Alas, I don't see a lot of voice applications taking this sort of advanced audio signaling approach yet. If we do get to a point where it's commonplace, that probably brings with it concerns about audio information overload. Or, maybe this is something that leads to standardization? Could there be a scenario where multiple skill makers use the same set of sounds to mean the same things?
A good question to which I have no good answer except to try to write prompts in a way that reduces the likelihood of barge in eg don't introduce a new feature at a point where the user thinks they already know what they're doing. Doesn't help if people decide to exit though...

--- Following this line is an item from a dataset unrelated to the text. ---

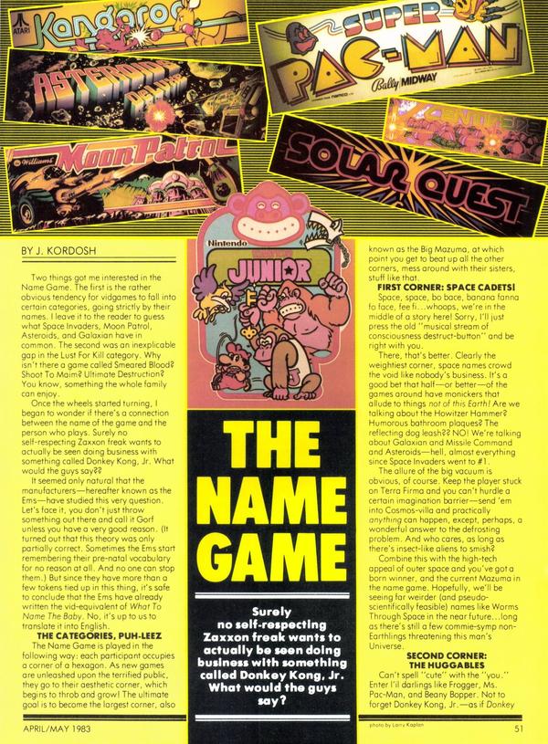 Two things got me interested in the Name Game. The first is the rather obvious tendency for vidgames to fall into certain categories, going strictly by their names. I leave it to the reader to guess what Space Invaders, Moon Patrol, Asteroids, and Galaxian have in common.

— Tom Hewitson (@tomhewitson) May 31, 2020
Reducing the desire to barge-in
There are a couple of ways you can optimize for this. The first, as Tom notes in his Tweet, is to just avoid dropping important information at a time when the user is performing a task that lends itself well to barging to begin with. That might be more easily said than done, but I think as a general rule of thumb it's something you can tack on to pretty much any other approach you'll use. It's worth noting here, too, that there's sort of a chicken-and-egg problem: How do we reliably identify which of our contexts garner the most barges-in when that attribute isn't passed along to us? And the flip side of this is that it identifies a secondary benefit to theoretically providing the barge-in flag - it will allow us in aggregate to figure out which points in our user flows are most annoying our users!
On that note, the other way that you optimize for Tom's approach is to just not give your users any reason to barge-in. Make sure that, as often as possible, your users are not hearing extraneous output if they don't want it (this last part is important - some users DO want it). This topic by itself is worth a whole series of VUXcellence articles, but I'll take a moment to toot my own horn here and mention that the optionally enabled "short mode" I implemented in CompliBot and InsultiBot is one of the most meaningful features I've ever built, and I'd highly recommend that any skill that strives to be highly engaging go through the effort of letting their users configure how verbose of an output they hear.
Use it to prove it
There's an obvious downside to this, which is that a user may actually hear the message, understand it, and choose not to interact with it for the time being. In that case, the user will continue to be nagged about it on future iterations of whatever it is they're doing (sort of violating the exact thing I just praised myself for in the section above). But users will pretty universally understand that they also have an easy way out of the nag - just do the damn thing. You can think of the recurring nag as maybe the voice equivalent of an "unread" notification on a mobile app.
My current approach
User: Alexa, launch foehammer
Alexa: Welcome back what would you like to do?
User: Smash my foe
Alexa: You smash your foe right in their dumb face. Hey, turns out you also have the option to befriend your foe. Wanna hear how?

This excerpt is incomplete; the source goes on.